AIM OF THE TASK: In the listing below, find the line with "我提了凤凰山绿化六点建议的议" and the line with "- TALLOW AND", then return them and every line between them exactly, minus the pictures.

SOURCE DATA:
________
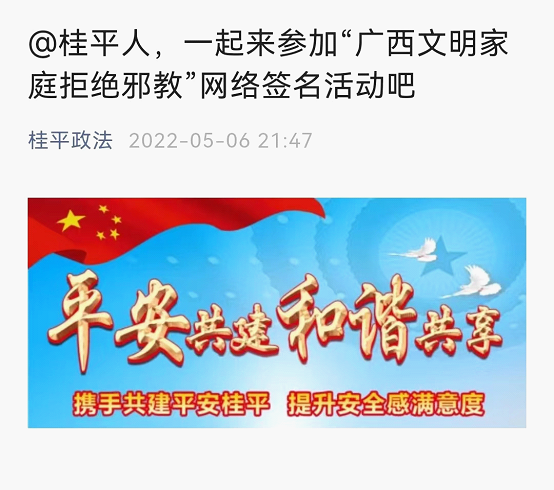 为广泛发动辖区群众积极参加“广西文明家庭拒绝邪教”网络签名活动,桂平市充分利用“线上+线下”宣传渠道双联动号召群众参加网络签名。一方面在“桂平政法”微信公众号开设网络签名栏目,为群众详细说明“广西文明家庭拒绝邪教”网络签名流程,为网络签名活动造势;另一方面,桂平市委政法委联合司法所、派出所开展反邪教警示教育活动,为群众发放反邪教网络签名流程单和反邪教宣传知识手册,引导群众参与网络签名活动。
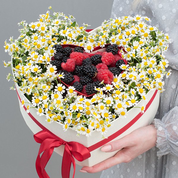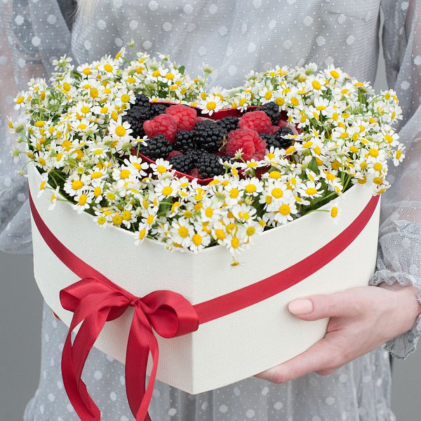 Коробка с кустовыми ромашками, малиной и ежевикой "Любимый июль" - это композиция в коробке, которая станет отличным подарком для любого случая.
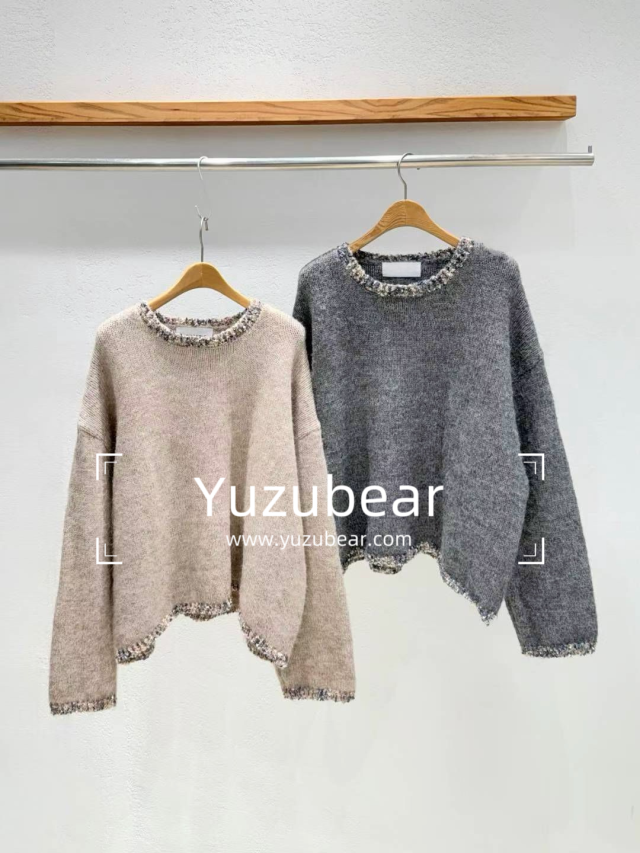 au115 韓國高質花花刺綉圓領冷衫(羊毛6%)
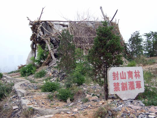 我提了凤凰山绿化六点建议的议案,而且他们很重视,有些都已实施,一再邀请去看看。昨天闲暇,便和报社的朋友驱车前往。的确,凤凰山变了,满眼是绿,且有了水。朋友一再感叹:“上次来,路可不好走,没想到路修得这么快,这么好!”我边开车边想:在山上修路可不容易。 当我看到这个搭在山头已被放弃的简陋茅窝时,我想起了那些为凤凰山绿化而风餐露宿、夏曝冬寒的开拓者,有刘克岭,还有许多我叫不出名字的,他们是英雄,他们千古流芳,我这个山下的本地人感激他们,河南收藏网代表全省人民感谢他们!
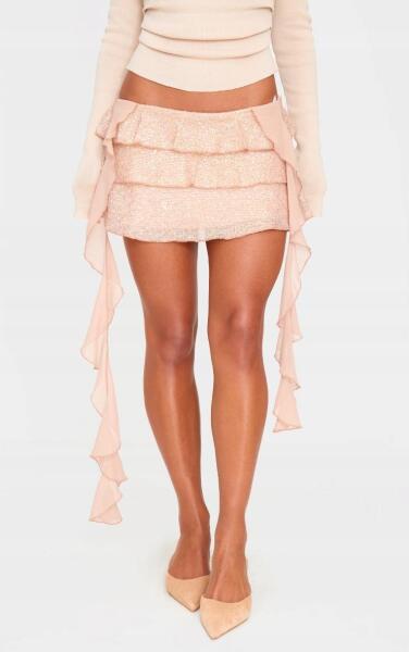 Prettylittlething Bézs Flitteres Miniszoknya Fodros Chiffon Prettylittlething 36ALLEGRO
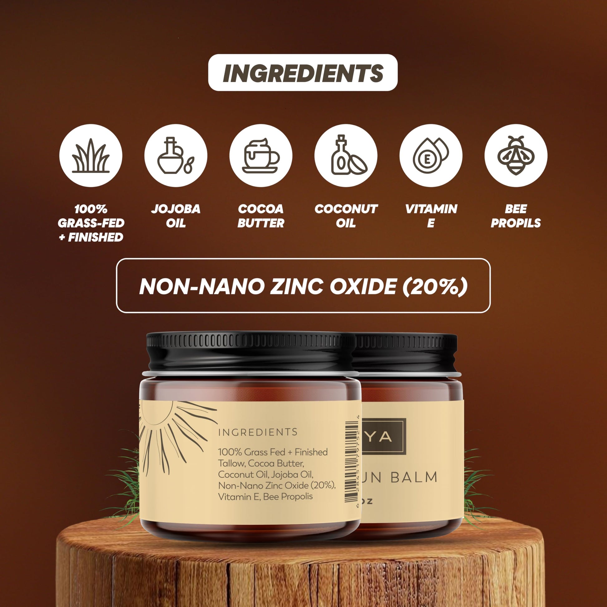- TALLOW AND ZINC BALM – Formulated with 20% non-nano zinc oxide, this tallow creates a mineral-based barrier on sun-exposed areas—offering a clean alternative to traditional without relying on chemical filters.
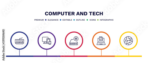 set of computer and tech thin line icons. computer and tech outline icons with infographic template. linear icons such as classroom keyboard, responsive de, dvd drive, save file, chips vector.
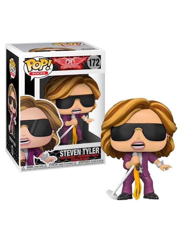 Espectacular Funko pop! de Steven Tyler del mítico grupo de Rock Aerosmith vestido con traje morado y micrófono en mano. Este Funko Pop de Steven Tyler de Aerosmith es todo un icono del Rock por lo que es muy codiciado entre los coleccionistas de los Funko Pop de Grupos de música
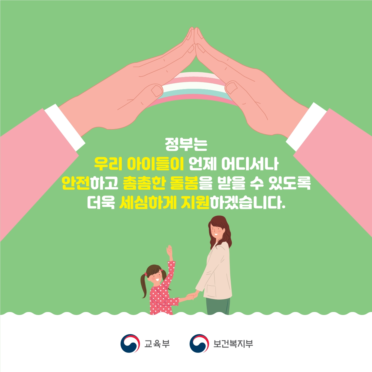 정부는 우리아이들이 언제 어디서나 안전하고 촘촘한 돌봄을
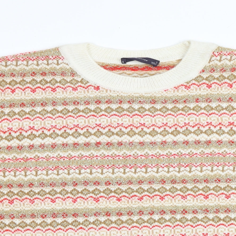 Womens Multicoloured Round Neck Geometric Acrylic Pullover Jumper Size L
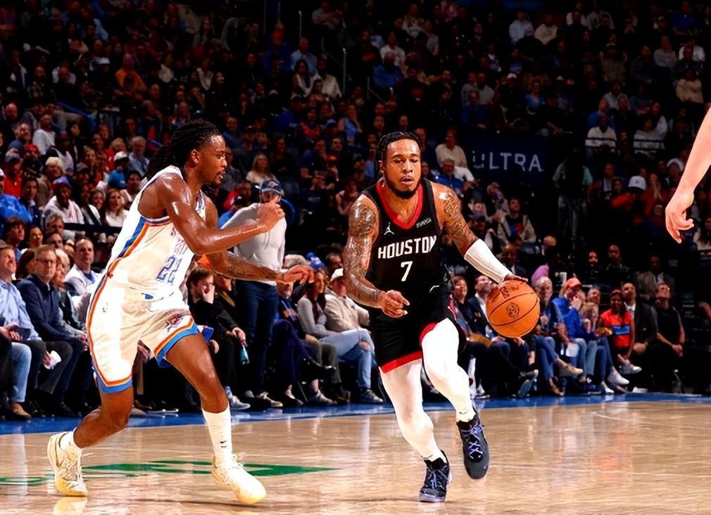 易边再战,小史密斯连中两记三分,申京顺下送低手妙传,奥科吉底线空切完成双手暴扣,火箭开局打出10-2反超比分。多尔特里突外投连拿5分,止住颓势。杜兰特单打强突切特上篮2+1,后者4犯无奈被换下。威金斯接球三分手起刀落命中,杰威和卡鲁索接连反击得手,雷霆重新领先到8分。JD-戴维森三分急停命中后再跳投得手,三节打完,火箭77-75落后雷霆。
________
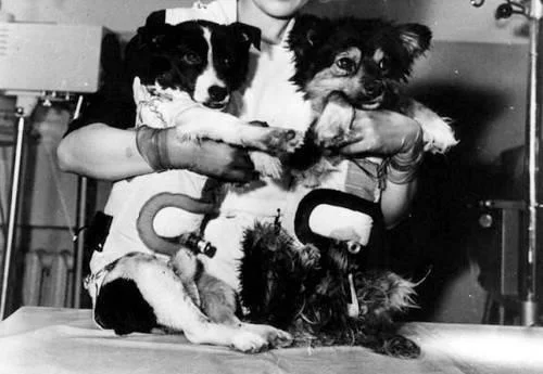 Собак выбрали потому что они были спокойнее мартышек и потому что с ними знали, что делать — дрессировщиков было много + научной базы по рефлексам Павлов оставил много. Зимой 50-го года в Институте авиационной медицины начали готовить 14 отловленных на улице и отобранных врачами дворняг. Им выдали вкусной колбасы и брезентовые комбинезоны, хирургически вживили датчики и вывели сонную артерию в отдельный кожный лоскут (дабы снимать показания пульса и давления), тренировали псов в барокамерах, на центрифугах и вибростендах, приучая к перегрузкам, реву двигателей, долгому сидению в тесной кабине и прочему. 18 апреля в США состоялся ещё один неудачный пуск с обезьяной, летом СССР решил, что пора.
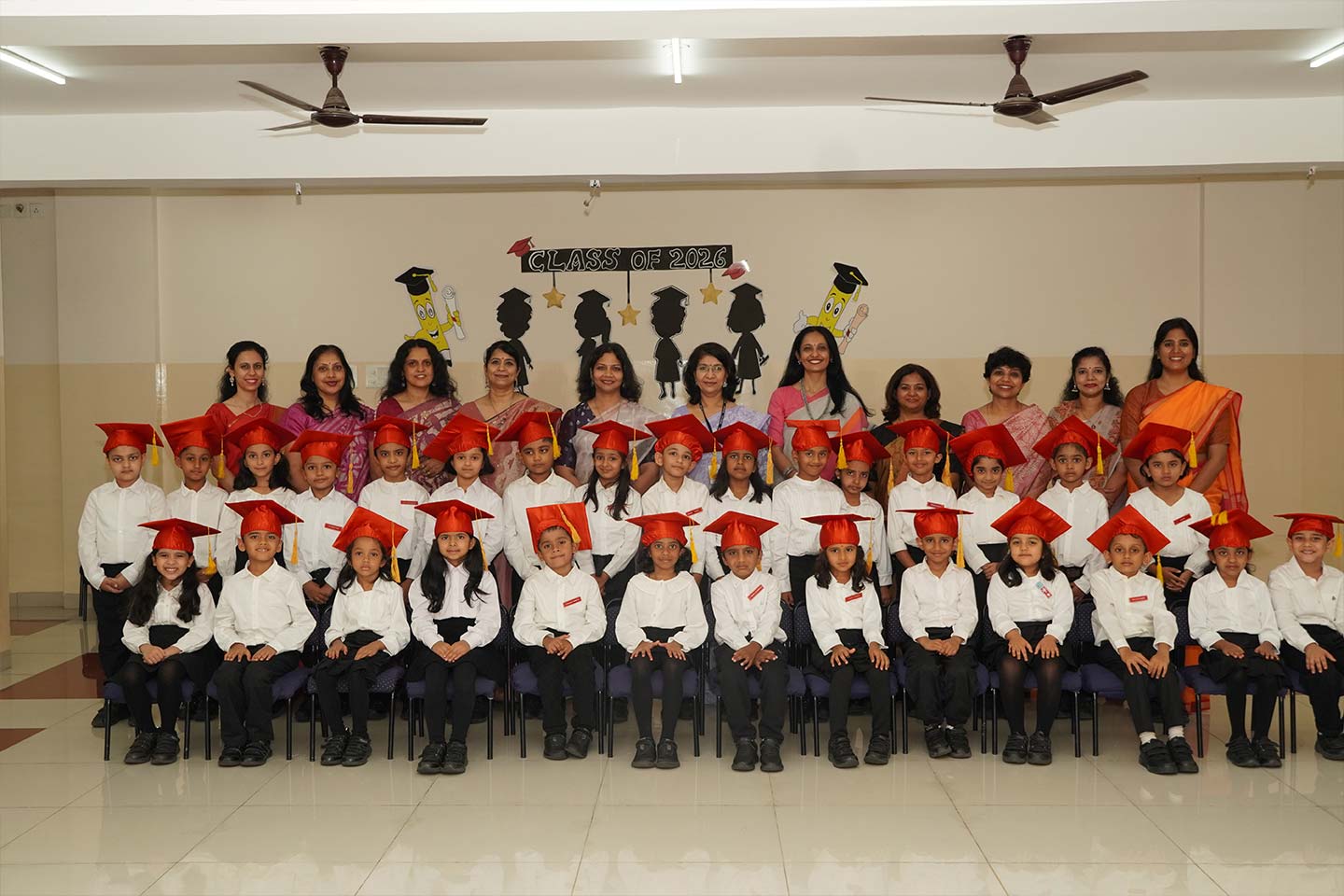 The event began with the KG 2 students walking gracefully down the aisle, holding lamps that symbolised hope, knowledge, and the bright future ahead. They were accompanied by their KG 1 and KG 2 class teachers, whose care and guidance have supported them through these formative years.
________
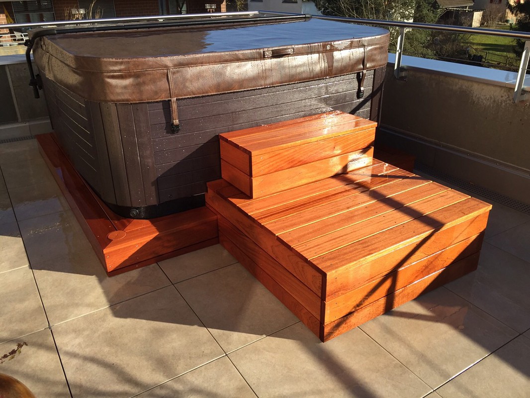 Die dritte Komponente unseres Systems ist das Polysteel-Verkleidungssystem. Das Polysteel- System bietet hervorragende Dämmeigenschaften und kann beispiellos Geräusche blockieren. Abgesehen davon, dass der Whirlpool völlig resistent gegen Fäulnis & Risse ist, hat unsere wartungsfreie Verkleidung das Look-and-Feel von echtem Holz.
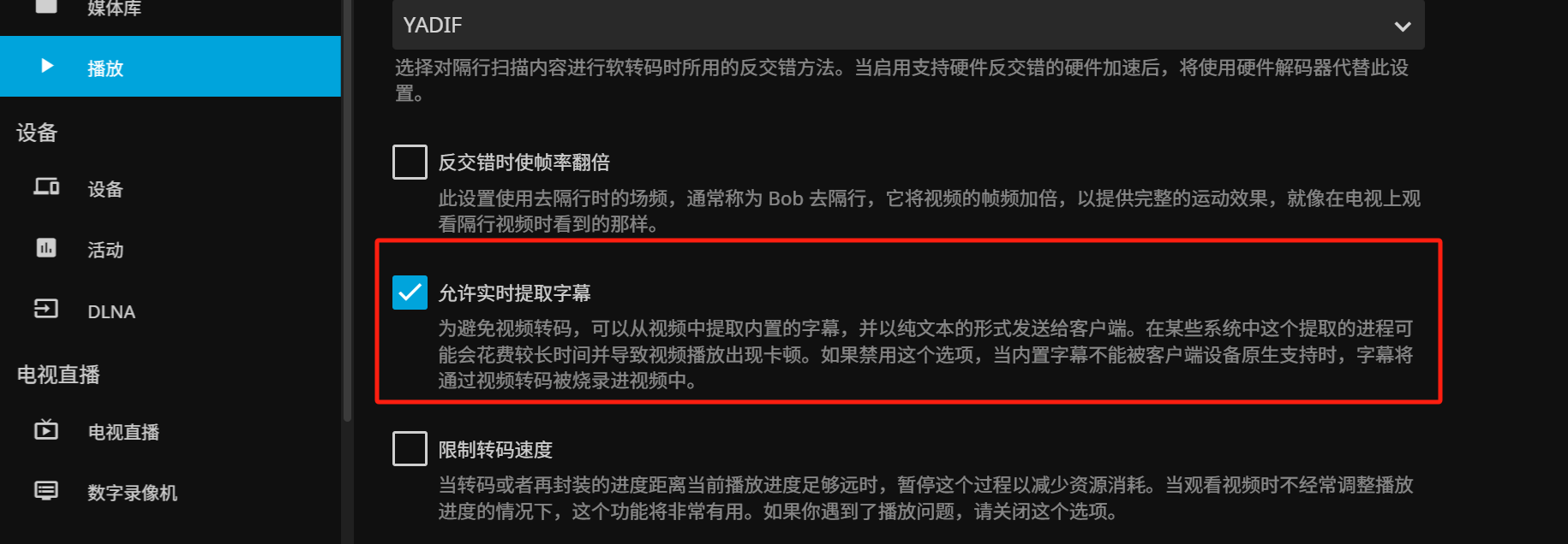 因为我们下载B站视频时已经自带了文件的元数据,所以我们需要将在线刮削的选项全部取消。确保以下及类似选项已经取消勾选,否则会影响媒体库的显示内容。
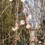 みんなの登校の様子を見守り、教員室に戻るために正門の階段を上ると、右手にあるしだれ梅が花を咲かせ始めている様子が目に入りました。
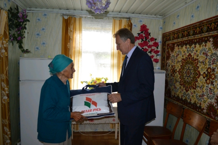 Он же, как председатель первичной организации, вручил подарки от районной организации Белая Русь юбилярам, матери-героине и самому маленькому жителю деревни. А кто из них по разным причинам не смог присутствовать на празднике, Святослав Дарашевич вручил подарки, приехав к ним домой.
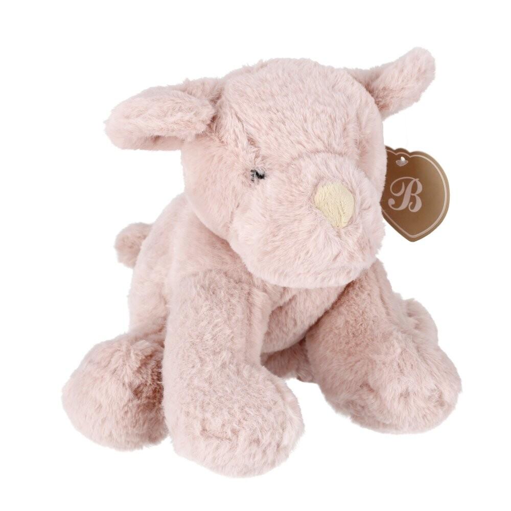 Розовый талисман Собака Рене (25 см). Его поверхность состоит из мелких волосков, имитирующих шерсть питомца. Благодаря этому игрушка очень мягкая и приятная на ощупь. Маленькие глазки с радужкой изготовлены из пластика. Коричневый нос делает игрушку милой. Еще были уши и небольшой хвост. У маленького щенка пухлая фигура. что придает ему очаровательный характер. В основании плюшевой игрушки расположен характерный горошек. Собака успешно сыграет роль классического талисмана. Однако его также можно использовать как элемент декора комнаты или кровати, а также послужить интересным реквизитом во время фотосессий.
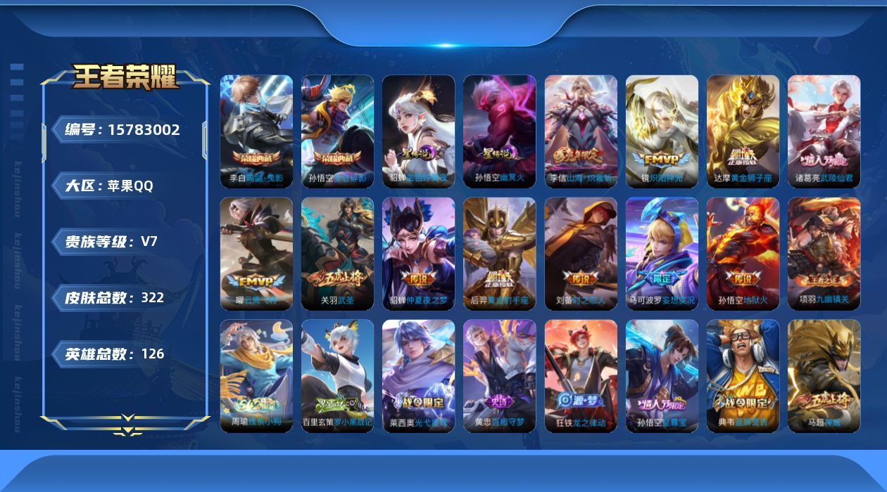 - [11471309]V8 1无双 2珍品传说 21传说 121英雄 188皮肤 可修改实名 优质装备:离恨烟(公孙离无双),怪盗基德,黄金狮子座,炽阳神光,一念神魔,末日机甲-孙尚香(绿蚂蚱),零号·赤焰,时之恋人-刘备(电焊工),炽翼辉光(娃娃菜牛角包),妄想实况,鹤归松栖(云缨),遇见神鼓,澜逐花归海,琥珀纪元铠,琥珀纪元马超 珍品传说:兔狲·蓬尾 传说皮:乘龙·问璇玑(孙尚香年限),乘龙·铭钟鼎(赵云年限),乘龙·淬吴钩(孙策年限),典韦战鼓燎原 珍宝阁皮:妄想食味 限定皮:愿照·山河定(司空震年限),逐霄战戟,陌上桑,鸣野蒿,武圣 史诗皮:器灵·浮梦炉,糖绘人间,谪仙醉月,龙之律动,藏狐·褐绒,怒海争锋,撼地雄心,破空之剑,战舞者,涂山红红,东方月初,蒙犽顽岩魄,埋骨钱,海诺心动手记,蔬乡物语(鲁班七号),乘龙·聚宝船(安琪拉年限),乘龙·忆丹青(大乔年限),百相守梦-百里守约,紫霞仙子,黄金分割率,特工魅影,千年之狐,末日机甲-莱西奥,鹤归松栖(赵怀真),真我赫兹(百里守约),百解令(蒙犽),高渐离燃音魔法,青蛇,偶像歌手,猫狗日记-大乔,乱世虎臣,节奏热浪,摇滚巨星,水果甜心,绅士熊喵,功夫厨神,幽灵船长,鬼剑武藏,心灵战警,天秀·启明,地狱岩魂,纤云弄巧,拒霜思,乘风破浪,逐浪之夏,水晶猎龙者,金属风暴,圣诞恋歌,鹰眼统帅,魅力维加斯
________
SOLUTION FOR THIS PROBLEM:
 我提了凤凰山绿化六点建议的议案,而且他们很重视,有些都已实施,一再邀请去看看。昨天闲暇,便和报社的朋友驱车前往。的确,凤凰山变了,满眼是绿,且有了水。朋友一再感叹:“上次来,路可不好走,没想到路修得这么快,这么好!”我边开车边想:在山上修路可不容易。 当我看到这个搭在山头已被放弃的简陋茅窝时,我想起了那些为凤凰山绿化而风餐露宿、夏曝冬寒的开拓者,有刘克岭,还有许多我叫不出名字的,他们是英雄,他们千古流芳,我这个山下的本地人感激他们,河南收藏网代表全省人民感谢他们!
 Prettylittlething Bézs Flitteres Miniszoknya Fodros Chiffon Prettylittlething 36ALLEGRO
- TALLOW AND ZINC BALM – Formulated with 20% non-nano zinc oxide, this tallow creates a mineral-based barrier on sun-exposed areas—offering a clean alternative to traditional without relying on chemical filters.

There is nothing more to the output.